• Exercise brief
In the entries below, which lines run from the one with "Aquí os dejo" through the one with "Nhiều phóng viên"? Repeat exactly those, both included, and no pictures.

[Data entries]
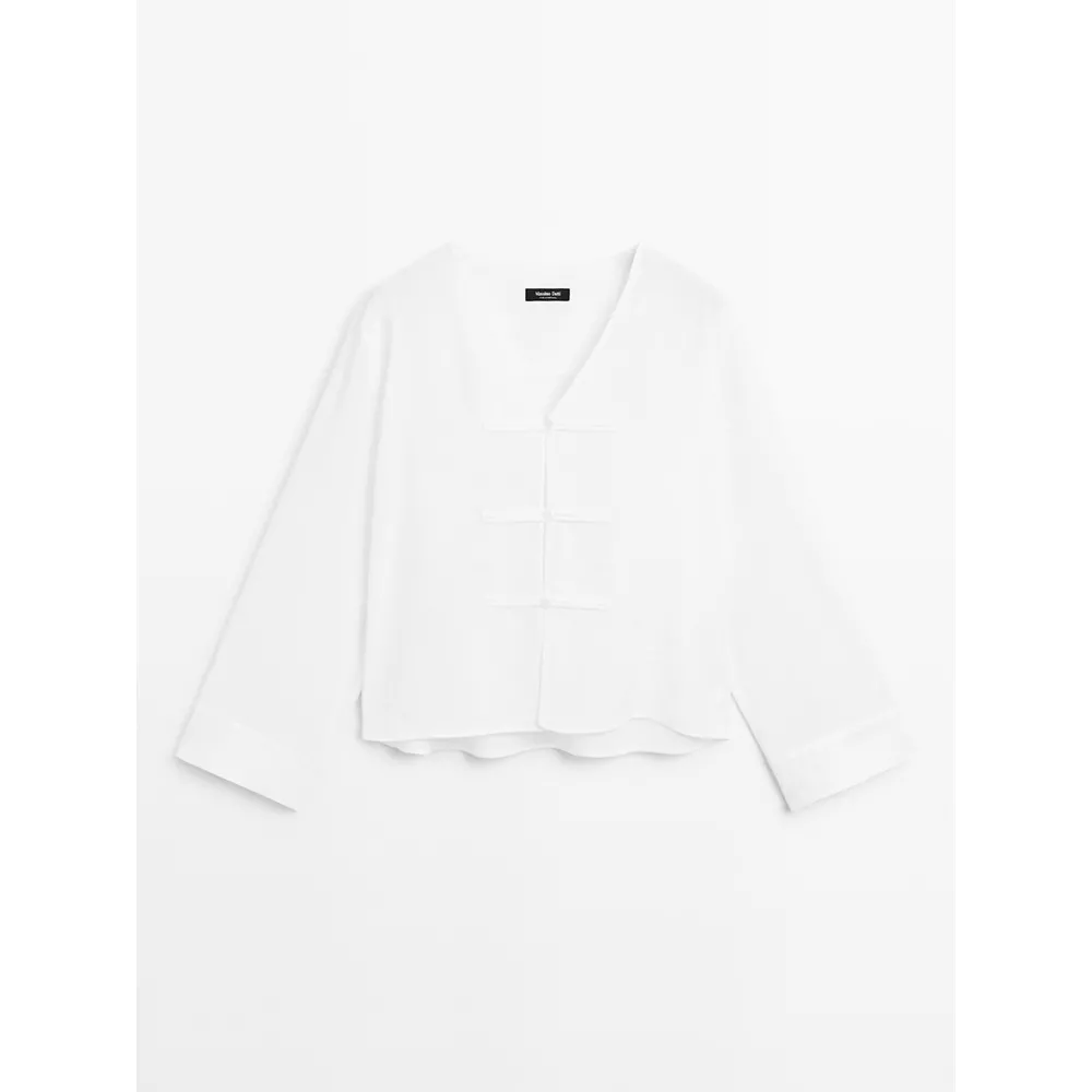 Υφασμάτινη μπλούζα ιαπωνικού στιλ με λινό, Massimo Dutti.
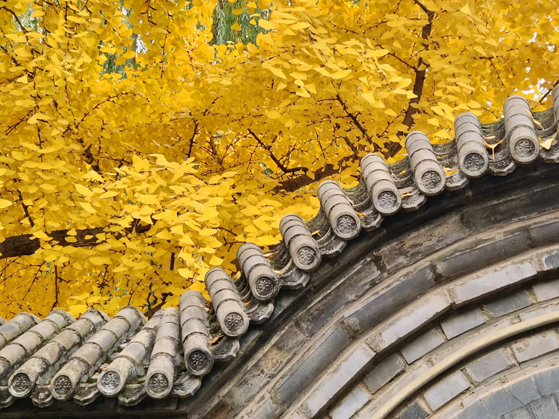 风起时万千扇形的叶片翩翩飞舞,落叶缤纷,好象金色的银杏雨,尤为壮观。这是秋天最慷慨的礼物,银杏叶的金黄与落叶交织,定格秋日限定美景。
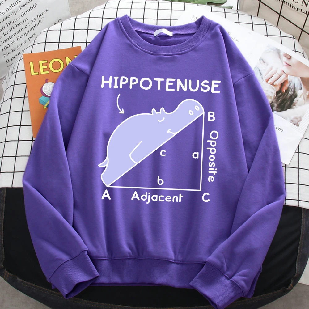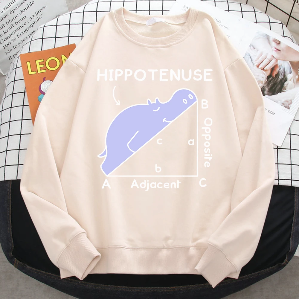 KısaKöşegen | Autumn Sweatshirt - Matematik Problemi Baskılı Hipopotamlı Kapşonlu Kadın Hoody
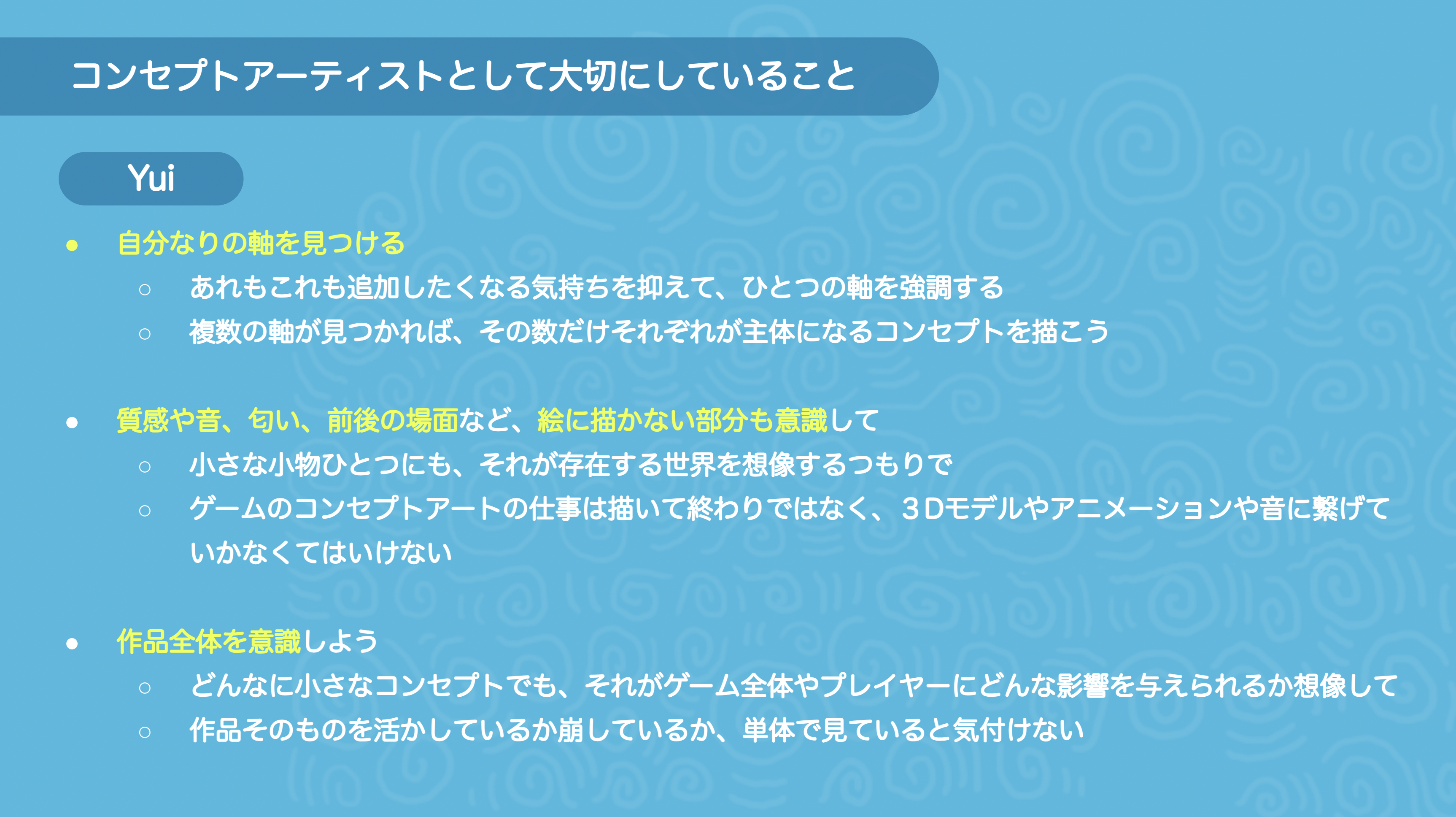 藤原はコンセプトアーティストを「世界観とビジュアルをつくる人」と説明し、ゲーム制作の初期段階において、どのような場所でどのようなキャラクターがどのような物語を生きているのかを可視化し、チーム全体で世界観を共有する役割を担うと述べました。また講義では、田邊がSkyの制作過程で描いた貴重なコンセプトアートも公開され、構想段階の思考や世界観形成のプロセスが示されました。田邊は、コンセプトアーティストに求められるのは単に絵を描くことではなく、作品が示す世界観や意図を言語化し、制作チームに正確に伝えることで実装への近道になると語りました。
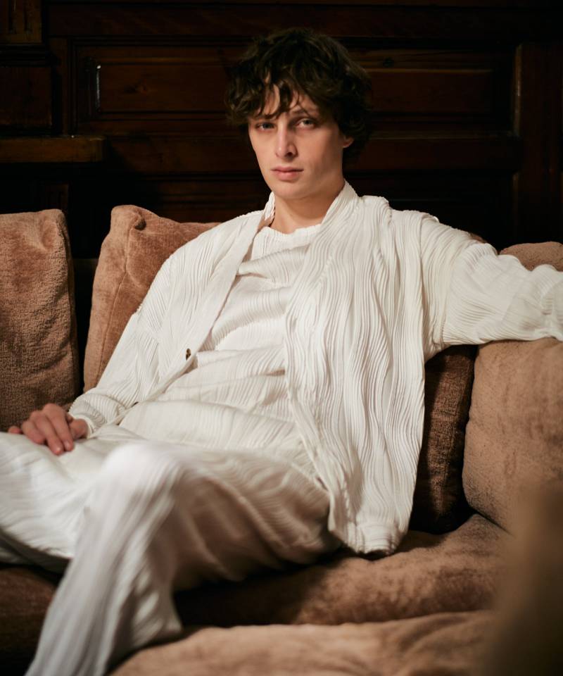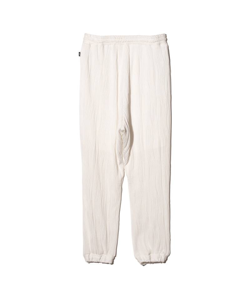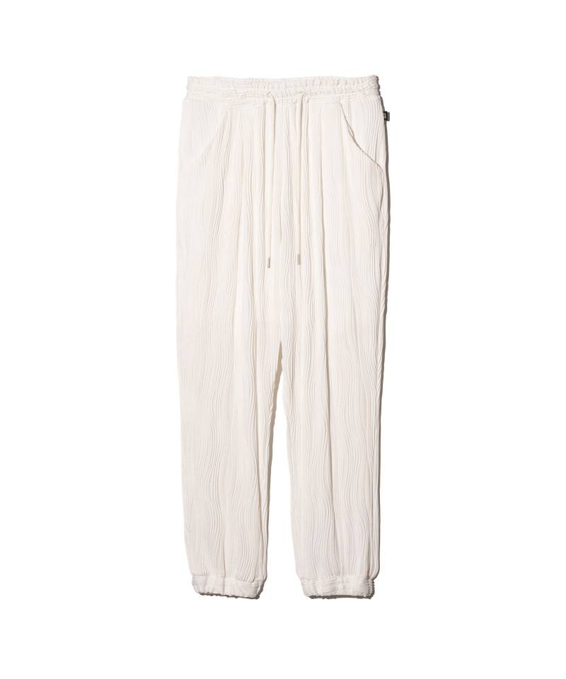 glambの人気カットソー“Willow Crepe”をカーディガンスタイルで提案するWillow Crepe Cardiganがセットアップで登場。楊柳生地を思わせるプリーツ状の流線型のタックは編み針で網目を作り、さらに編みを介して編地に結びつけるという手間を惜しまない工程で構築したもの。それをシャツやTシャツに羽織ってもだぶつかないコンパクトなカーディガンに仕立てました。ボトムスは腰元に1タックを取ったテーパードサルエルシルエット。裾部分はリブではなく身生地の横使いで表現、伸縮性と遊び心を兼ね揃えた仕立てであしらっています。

--

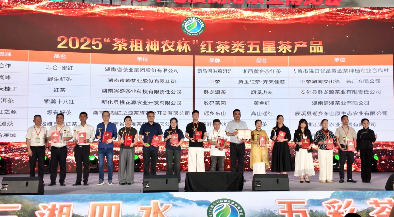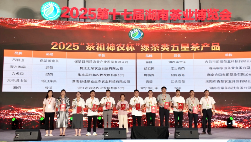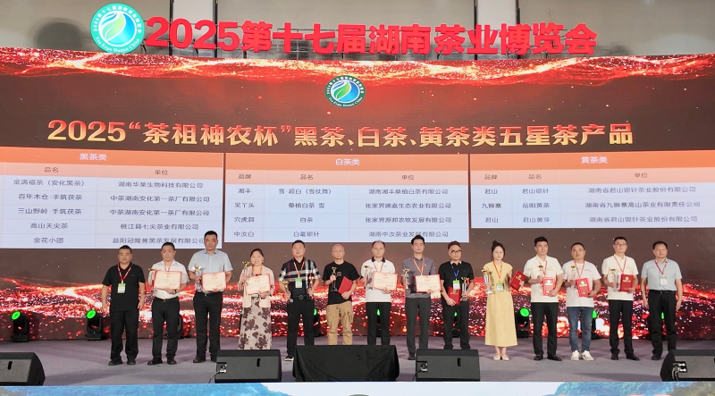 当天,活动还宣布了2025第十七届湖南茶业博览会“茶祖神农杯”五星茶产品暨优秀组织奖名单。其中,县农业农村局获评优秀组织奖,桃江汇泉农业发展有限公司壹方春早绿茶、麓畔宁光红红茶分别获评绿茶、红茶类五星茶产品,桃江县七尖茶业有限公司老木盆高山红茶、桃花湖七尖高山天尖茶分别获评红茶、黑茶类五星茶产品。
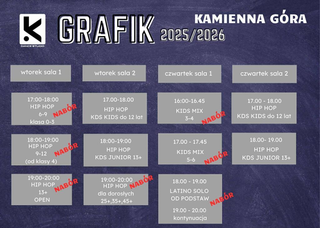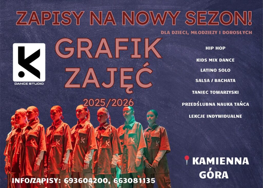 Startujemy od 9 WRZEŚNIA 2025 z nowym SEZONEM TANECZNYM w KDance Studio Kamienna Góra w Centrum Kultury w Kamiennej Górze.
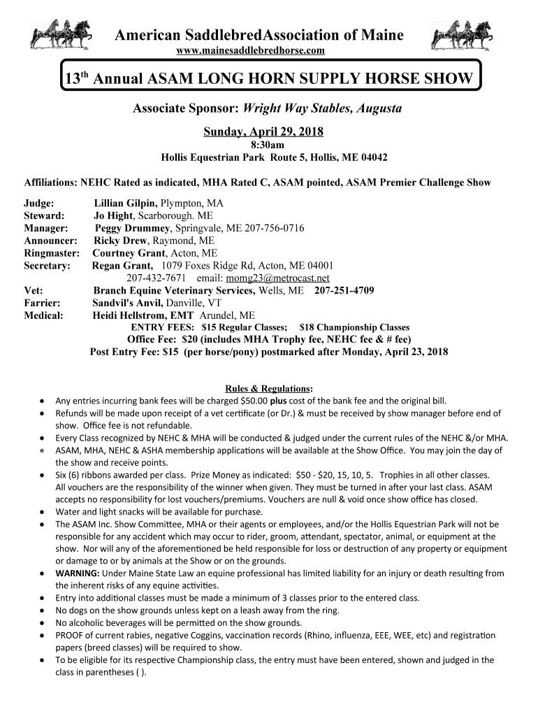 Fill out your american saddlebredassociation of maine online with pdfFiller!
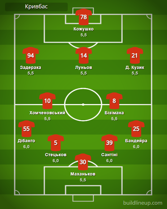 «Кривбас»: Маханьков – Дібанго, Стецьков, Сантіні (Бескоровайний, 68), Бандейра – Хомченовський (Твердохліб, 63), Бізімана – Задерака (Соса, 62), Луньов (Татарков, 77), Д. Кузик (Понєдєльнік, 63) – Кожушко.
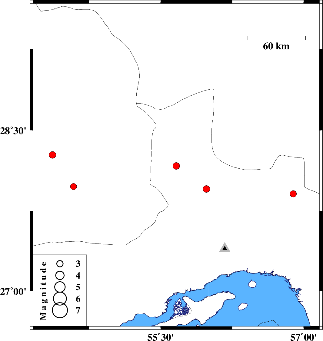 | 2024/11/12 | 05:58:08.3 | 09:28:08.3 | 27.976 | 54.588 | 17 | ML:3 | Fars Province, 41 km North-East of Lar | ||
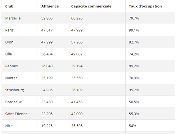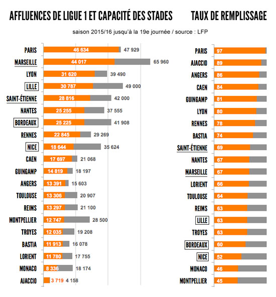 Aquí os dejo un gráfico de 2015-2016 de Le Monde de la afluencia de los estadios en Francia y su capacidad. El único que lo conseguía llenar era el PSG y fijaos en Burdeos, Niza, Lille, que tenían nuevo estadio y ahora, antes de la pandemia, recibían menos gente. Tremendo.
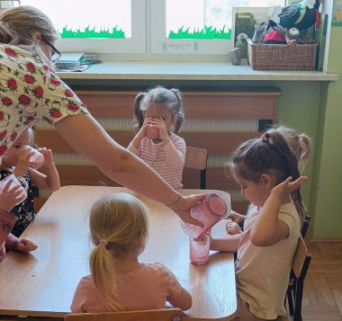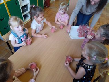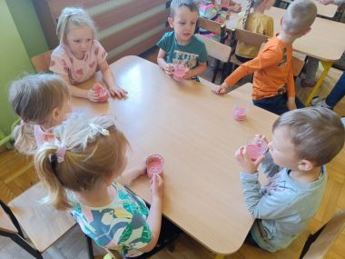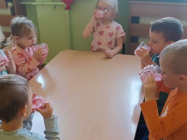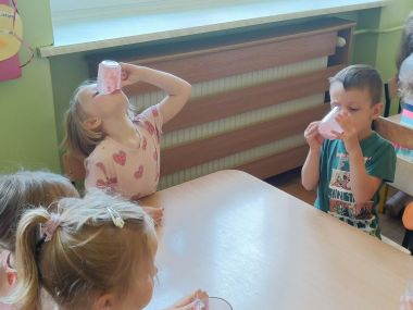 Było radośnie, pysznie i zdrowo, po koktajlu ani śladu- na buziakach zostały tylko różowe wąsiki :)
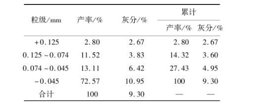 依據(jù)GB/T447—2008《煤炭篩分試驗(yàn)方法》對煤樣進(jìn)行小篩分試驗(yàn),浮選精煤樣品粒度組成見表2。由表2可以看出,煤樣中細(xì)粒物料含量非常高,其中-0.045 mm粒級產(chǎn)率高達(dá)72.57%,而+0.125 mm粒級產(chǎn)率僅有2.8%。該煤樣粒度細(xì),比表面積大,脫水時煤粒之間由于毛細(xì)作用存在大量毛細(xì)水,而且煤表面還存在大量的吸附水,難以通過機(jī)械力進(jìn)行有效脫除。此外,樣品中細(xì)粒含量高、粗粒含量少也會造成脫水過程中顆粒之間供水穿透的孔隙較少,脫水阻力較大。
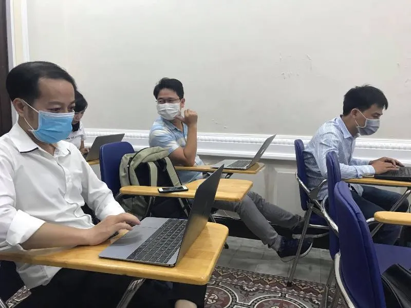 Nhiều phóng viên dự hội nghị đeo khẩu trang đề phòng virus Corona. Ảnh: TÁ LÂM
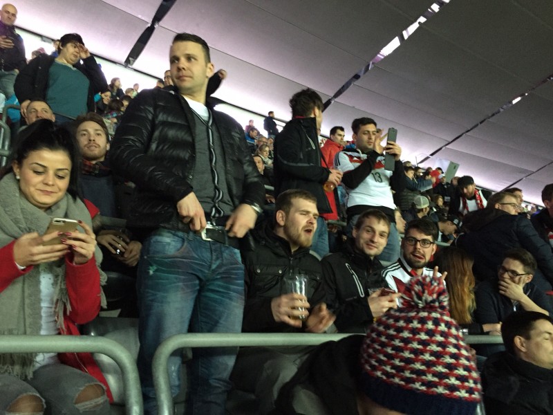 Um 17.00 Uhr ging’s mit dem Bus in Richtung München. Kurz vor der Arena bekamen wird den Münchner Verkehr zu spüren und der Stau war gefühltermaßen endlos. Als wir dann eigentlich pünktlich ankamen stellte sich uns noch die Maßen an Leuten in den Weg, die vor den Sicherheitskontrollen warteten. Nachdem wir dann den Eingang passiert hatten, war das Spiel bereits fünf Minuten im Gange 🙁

• Task output
 Aquí os dejo un gráfico de 2015-2016 de Le Monde de la afluencia de los estadios en Francia y su capacidad. El único que lo conseguía llenar era el PSG y fijaos en Burdeos, Niza, Lille, que tenían nuevo estadio y ahora, antes de la pandemia, recibían menos gente. Tremendo.
 Było radośnie, pysznie i zdrowo, po koktajlu ani śladu- na buziakach zostały tylko różowe wąsiki :)
 依據(jù)GB/T447—2008《煤炭篩分試驗(yàn)方法》對煤樣進(jìn)行小篩分試驗(yàn),浮選精煤樣品粒度組成見表2。由表2可以看出,煤樣中細(xì)粒物料含量非常高,其中-0.045 mm粒級產(chǎn)率高達(dá)72.57%,而+0.125 mm粒級產(chǎn)率僅有2.8%。該煤樣粒度細(xì),比表面積大,脫水時煤粒之間由于毛細(xì)作用存在大量毛細(xì)水,而且煤表面還存在大量的吸附水,難以通過機(jī)械力進(jìn)行有效脫除。此外,樣品中細(xì)粒含量高、粗粒含量少也會造成脫水過程中顆粒之間供水穿透的孔隙較少,脫水阻力較大。
 Nhiều phóng viên dự hội nghị đeo khẩu trang đề phòng virus Corona. Ảnh: TÁ LÂM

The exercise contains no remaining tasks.